- Occupation(s): Television host, producer

= Natasha Stillwell =

English television reporter and producer

Natasha Stillwell is an English television reporter and producer, known in Canada for the television show Daily Planet, on Discovery Channel Canada and in Northern and Central Scotland for her reporting role on STV’s The Five Thirty Show.

Originally from Hertfordshire, Natasha grew up in Edinburgh, she was a weather girl on the city’s now defunct LIVE! station. Following this, Natasha worked for the independent television production company Tern Television where she hosted shows for the BBC and Channel 4 before moving to Canada in September 2002 to join Jay Ingram on Discovery Canada’s science and technology show.

Her appearance on Daily Planet was occasionally parodied on CBC comedy show This Hour Has 22 Minutes by comedian and impressionist Gavin Crawford. Stillwell’s final appearance was 2 February 2007.

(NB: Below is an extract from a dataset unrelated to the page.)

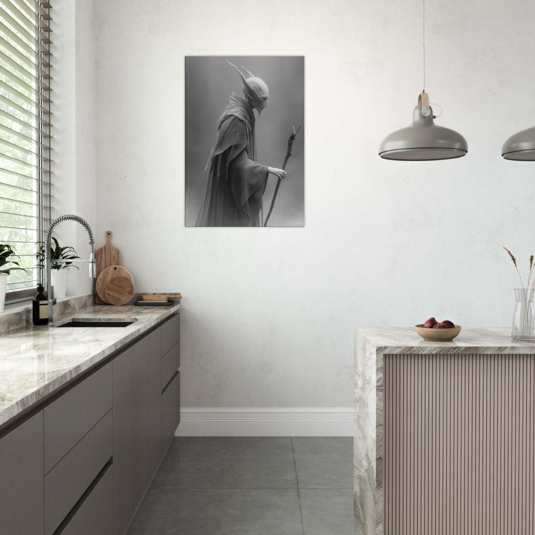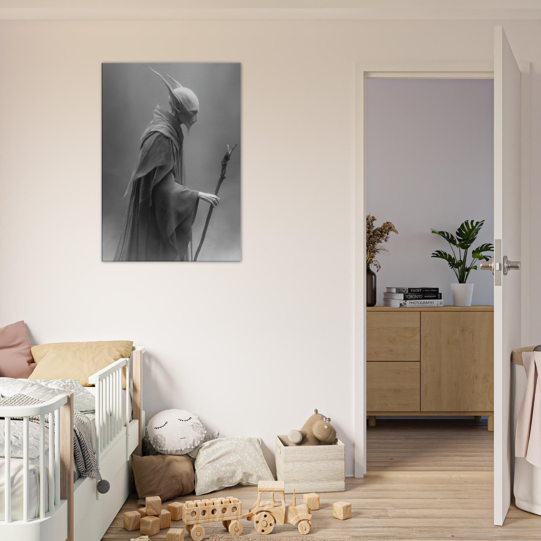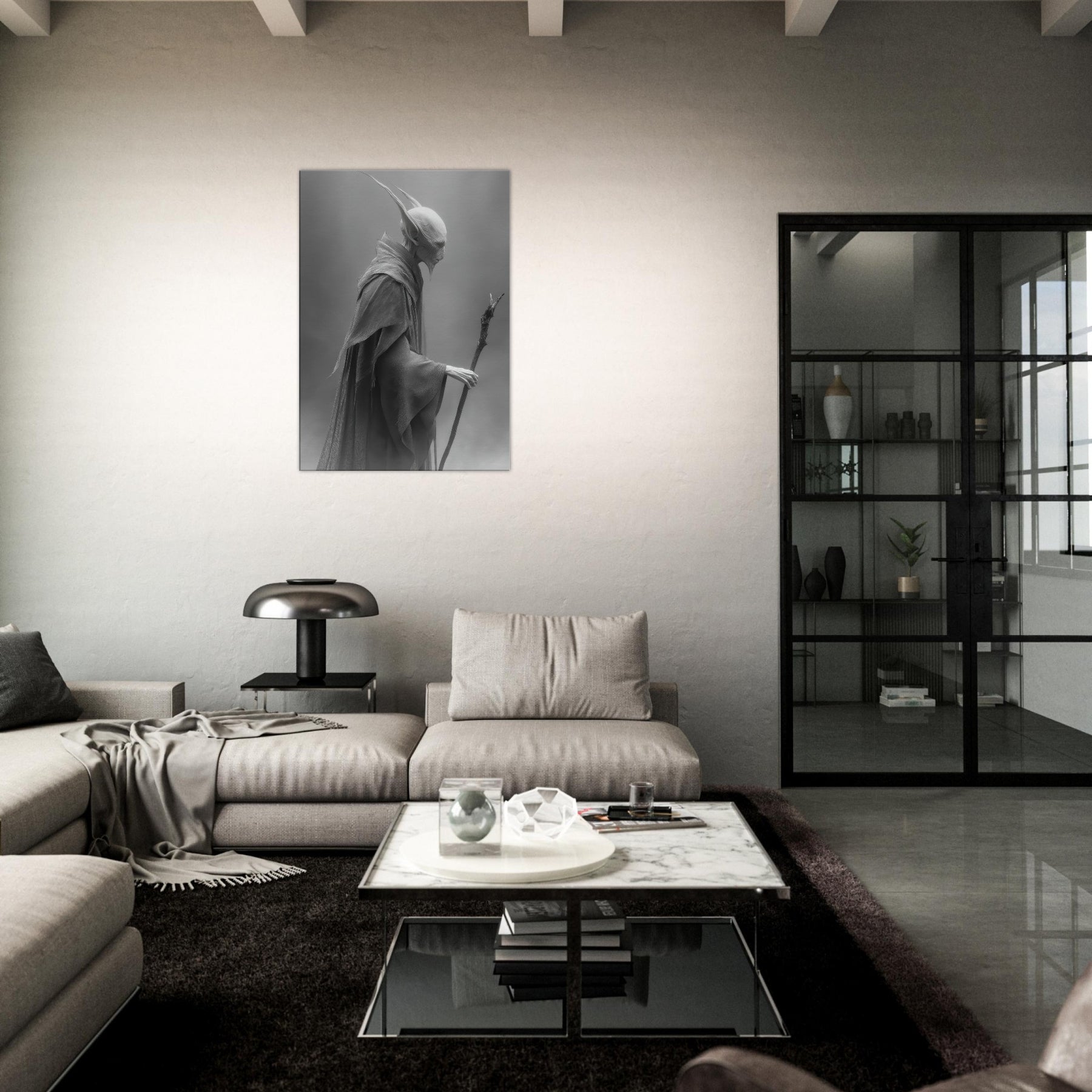 This black and white portrayal invites quiet contemplation, turning a wall into a doorway to myth. Hang it to conjure a dusky, dreamlike atmosphere perfect for a reading nook, meditation corner, or refined living room where every shadow feels intentional and calm.

She returned to Scotland, joining STV for the launch of their features magazine programme The Five Thirty Show as one of the show’s reporters from 28 January 2008 until the programme was axed on 15 May 2009. Stillwell then became a producer for The Five Thirty Show’s successor, The Hour.

She has also presented her own video blog, Stillwell Science, on YouTube, and written articles on science for The Times newspaper.

In 2011, Stillwell joined Twig, a company that makes educational films and resources. She served in a number of roles before the company was acquired by Imagine Learning in 2022, and now serves as president of Imagine Learning Studios, UK.